Member of the Chamber of Deputies
- In office 20 June 1979 – 14 April 1994
- In office 30 May 2001 – 27 April 2006

Member of the Senate of the Republic
- In office 27 April 2006 – 28 April 2008

Personal details
- Born: 22 September 1926 Vejano, Kingdom of Italy
- Died: 1 July 2010 (aged 83) Milan, Italy
- Party: PLI (till 1994) FI (1994–2009)
- Occupation: Journalist; politician;

= Egidio Sterpa =

Italian journalist and politician (1926–2010)

Egidio Sterpa (22 September 1926 – 1 July 2010) was an Italian journalist and politician.

==Biography==
===Journalistic career===
In 1948, Sterpa founded, along with Pino Rauti and Enzo Erra, La Sfida (The Challenge), the political-cultural magazine of the youth of the Italian Social Movement. The magazine came out on newsstands from 1948 to 1950. In June 1951, Sterpa was arrested and accused of fascist apology; he was released the following month.

He began his professional career in journalism as reporter for Il Tempo, and in 1951, at the age of 25, became editor-in-chief.
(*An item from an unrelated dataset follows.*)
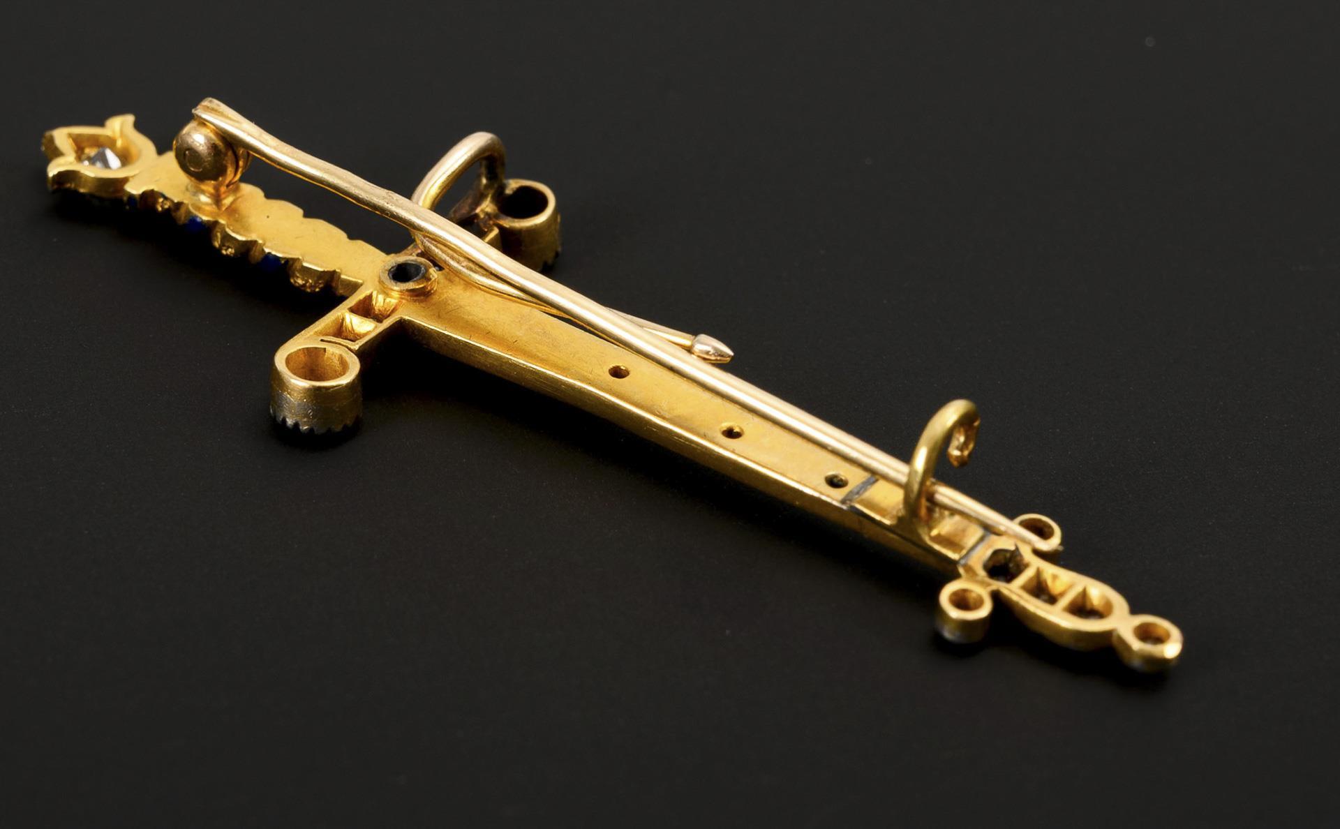 Exceptional historical brooch with blue enameling and old-cut diamonds and brilliant-cut diamonds, the pin with single hook clasp and additional hook on the back. Slight signs of wear commensurate with age; the enamel with a minimal chip, the hook of the brooch restored, the pin slightly bent.
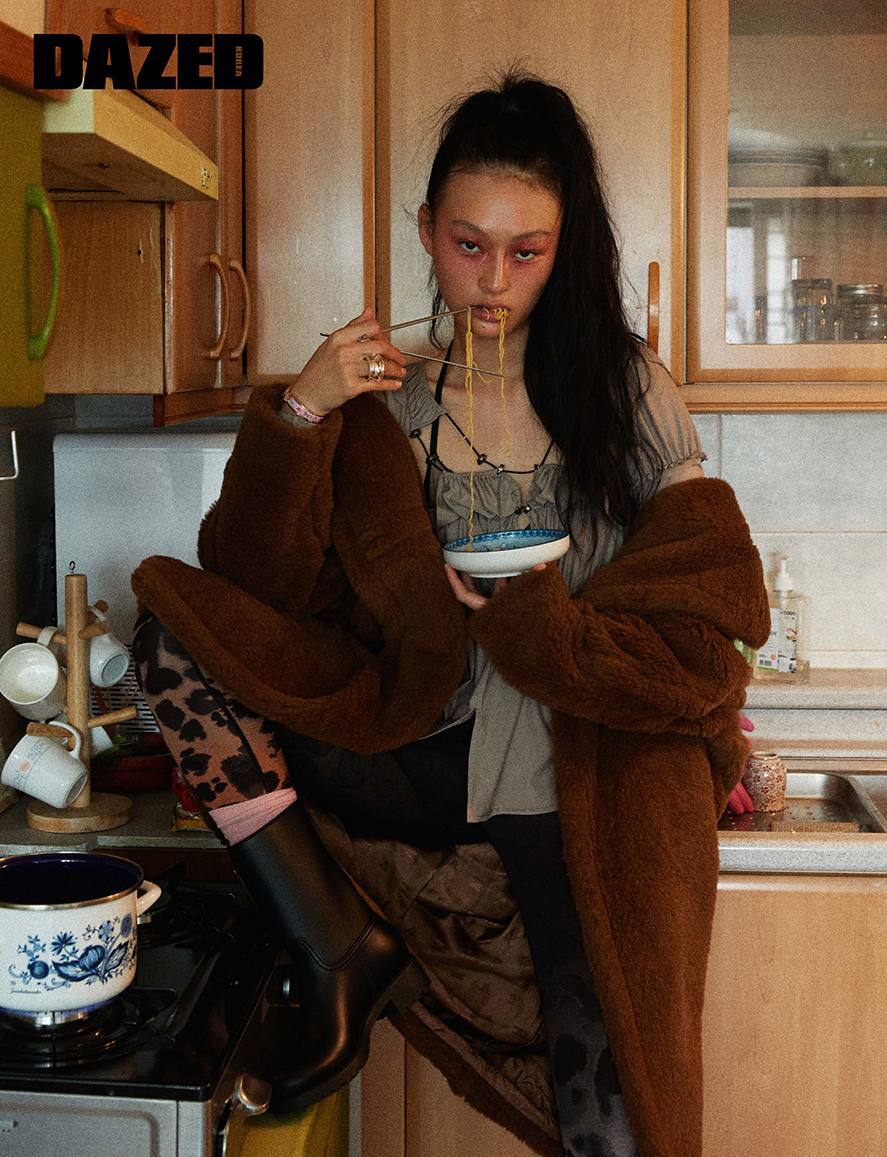 테디베어 코트는 막스마라(Max Mara), 스트링 톱과 시스루 드레스는 2000아카이브(2000archives), 레오퍼드 패턴 레깅스는 H&M, 레인 부츠는 로저 비비에(Roger Vivier), 실버 링과 클릭아슈 브레이슬릿은 에르메스(Hermès).

He later began editor-in-chief for Il Giornale d'Italia until 1958, when he started working for Corriere della Sera. He left the Corriere in 1972, when it began supporting the entry of the Italian Communist Party in the Italian government.

In 1974, he joined Indro Montanelli in the creation of Il Giornale and wrote articles in Montanelli's newspaper since the first issue, until April 2008. From May 2008 to August 2009, Sterpa worked for Libero.

===Political career===
He has been elected to the Chamber of Deputies with the Italian Liberal Party from 1979 to 1994. He was a member of the right-wing of the party and became Renato Altissimo's Deputy Secretary. From 1989 to 1992, he has been appointed Minister for Parliamentary Relations in the last two cabinets led by Giulio Andreotti.

In 1994, Sterpa is one of the first to join Silvio Berlusconi's Forza Italia, with which he is elected once again Deputy in 2001 and Senator in 2006.

Sterpa has died in Milan on 1 July 2010, at the age of 83.